Brief review of Ayaan Hirsi Ali’s Nomad

Ayaan Hirsi Ali tells many tales of her painful life growing up in and interacting with Islam in Arabian, African and European contexts. As one who has rejected Islam and belief in any god, she has become a full-fledged disciple of the Western Enlightenment. Her positive thesis is that “there are three institutions in Western society that could ease the transition into Western citizenship of these millions of nomads from the tribal cultures they are leaving. They are institutions that can compete with the agents of jihad for the hearts and minds of Muslims.”

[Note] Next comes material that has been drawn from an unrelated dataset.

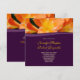 Eine lila und orangefarbene Hochzeitseinladung mit Empfang-Details, die optional auf der Rückseite gedruckt werden. Wenn Sie möchten, können Sie die Karten des Empfangs einfach überspringen. Sie sind herzlich eingeladen, meine Website für weitere Einladungen und Designs zu besuchen —> floraluniverses.com

From my angle of interest, she is a staunch advocate of a more vigorous Christian encounter with Muslims who have moved to the West. She sees the church as the most powerful vehicle of modernization and rationalization, which in light of her experience is the only hope for Muslims held captive in darkness. The Christianity she advocated, however, is a “moderate,” Lockean version of the faith, mostly interiorized and reduced to “God is love.” I’m not convinced that there remains a significant segment of the church in the West that is (a) evangelistic, (b) committed deeply enough to sacrifice to reach Muslim immigrants, and (c) convinced that they OUGHT to reach Muslims. In my experience, most of the “moderate” Christians who are energetic in their faith are perfectly happy to say Islam is adequate for Muslims, and repulsed by the idea of trying to change someone’s religion.